CatMan: Understanding the impact of High-Order Attributes on the CPG Industry
Transparency is here to stay. Recently the FMI & Label Insight Transparency Imperative report stated that over 86% of shoppers are more likely to trust a brand or retailer who provides complete and easy-to-understand definitions for all ingredients. And the same study demonstrated that 74% of shoppers would be willing to switch to another brand that provided more information – a 90% increase from 39% in 2016.
The recently launched white paper, CatMan + Transparency by Director Emeritus of the CMA, Gordon Wade, in partnership with Label Insight, paints a picture of how transparency is impacting the CPG industry, and how Category Management could be at the heart of benefiting from this change.
“The ideas in this white paper present a bold new direction for our industry, to innovate towards transparency and to capture growth at the same time.” Tom McDonald Team Leader of Best Practices and Chairman of the Advisory Board for CMA
A transparent growth problem
The report overviews the dramatic changes taking place in the industry in relation to the demand for transparency, and explores the fact that the CPG market has a serious growth problem by stating that “virtually all leading brands and retailers are losing either share, volume, or margin and sometimes all three.” Additionally, it states that “Nielsen forecasts that grocery, drug, and mass merchandise CPG retailers will decline 1% overall in the next two years.”
A lot of this decline in growth is linked to dramatic changes in consumer behavior, and the underlying challenge of a lack of trust between consumers, retailers, and manufacturers.This problem is exacerbated by the confusion created around product label information and the difficulty in finding the exact information they need.
Mr. Wade is also clear to point out that there are several areas where growth exists, and those tend to be driven by niche attributes that are clear to see, to understand, and to act upon with the right data.
Growth is in High-Order Attributes
One such example is the growth associated with “clean label” products, which is driving substantial growth across 7 key grocery categories that are otherwise in decline or flatlining. For instance, “clean label” products (as defined by Nielsen & Label Insight in Nielsen Product Insider) in the Candy, Gum, & Mint category has grown by 10.8% over the 52 weeks ending 6/09/2018.
Increasingly, the consumer behavior of making purchase decisions based on attributes is evident in the sales data and across all categories of products. At one point, Mr. Wade leverages Nielsen Product Insider powered by Label Insight to point out that between 2015 and 2017, there has been a 6.7% shift in the cosmetics category towards Paraben Free products, where now only 35% of products contain Parabens, and similar size shifts can be seen across many other categories as well.

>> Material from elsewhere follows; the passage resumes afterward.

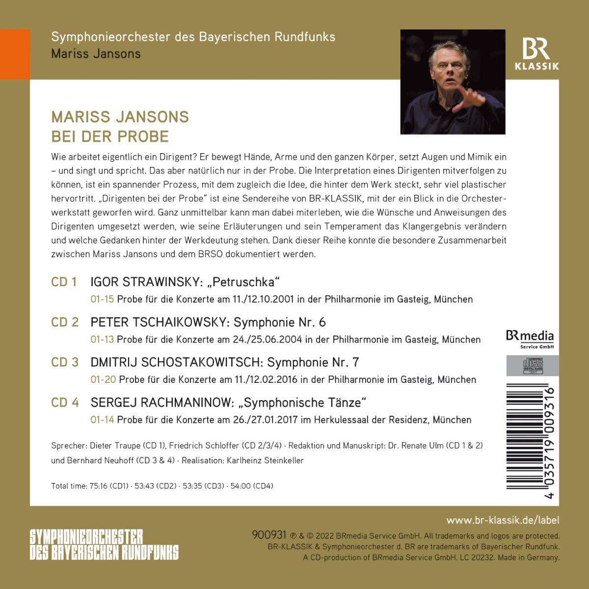 Wie viel Arbeit im Einstudieren eines Werkes steckt, wie viel Mühe und Detailarbeit Orchesterleiter und Klangkörper aufbringen, bleibt üblicherweise verborgen. Die kommentierte Sendereihe „Dirigenten bei der Probe“ bei BR-Klassik beleuchtet genau diesen Prozess: Wie entsteht eine Interpretation? Bei der vorliegenden 4-CD-Box erlebt man Mariss Jansons, wie er „seinem“ BRSO seine musikalischen Vorstellungen vermittelt: Erklärend, singend, lobend, korrigierend, doch stets mit größtem Respekt. Das Jansons’sche Kernrepertoire mit Rachmaninow, Schostakowitsch, Strawinsky und Tschaikowsky in der Orchesterwerkstatt nimmt langsam Form an.
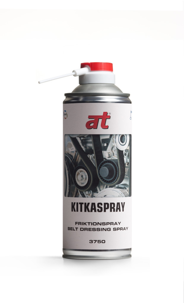AT kitkaspray. Estää hihnojen ja muiden liukkaiden pintojen luistamisen. Antaa hyvän lisäpidon voimansiirto- ja kuljetushihnoihin, sekä pidentää hihnojen käyttöikää. Soveltuu mm. nahka, kumi ja tekstiilihihnoille.

High-Order Attributes are expanding choice
Often the growth focused on specific attributes can be associated with the rise of specific diets. As the “number of consumers watching what they eat is on the rise, with nearly half of shoppers following a diet or health-related eating program”, the number of different types of diets is increasing, and taking on an ethical perspective. This is clearly visible in the sales performance, which shows for instance, a 24% increase in grass-fed beef sales, a 4% increase in dolphin-safe seafood, and an 11% increase in sustainable farming, among others (Nielsen Product Insider powered by Label insight, 52 weeks ending 12/30/2017).
The demand for transparency is driving the need for more information which is, in turn, driving the availability of more information. The cycle repeats, driving increased fragmentation of needs, a long tail of demands for granular information that is insatiable and always growing. Where will this take us?
Rise of the individual diet
Mr. Wade touches on one potential response to this question by exploring the fact that people can no longer be defined as being associated with a single dietary profile, but that their profile changes depending on the category they are shopping. This time leveraging data from the FMI & Label Insight Transparency ROI study of 2016, Mr. Wade points out that the demand for transparency varies dramatically across categories. In meat there appears to be a significant demand for transparent information, whereas in snacks the demand is significantly less.
“CatMan has always been about process and data-driven decisions, in this new age of data, attributes are unlocking new growth.” Tom McDonald, Team Leader of Best Practices and Chairman of the Advisory Board for CMA
CatMan sourcing growth
The significance of the dramatic changes associated with the demand for transparency aligns perfectly with the Category Manager’s role and responsibilities. The CatMan + Transparency white paper makes the argument that with the right data, Category Managers can take the lead in moving their companies towards areas of growth and opportunity. The white paper represents a balance between a bold vision for an optimistic future and a tactical guide for practitioners to combine the CatMan 2.0(c) Process with high-order Attributes.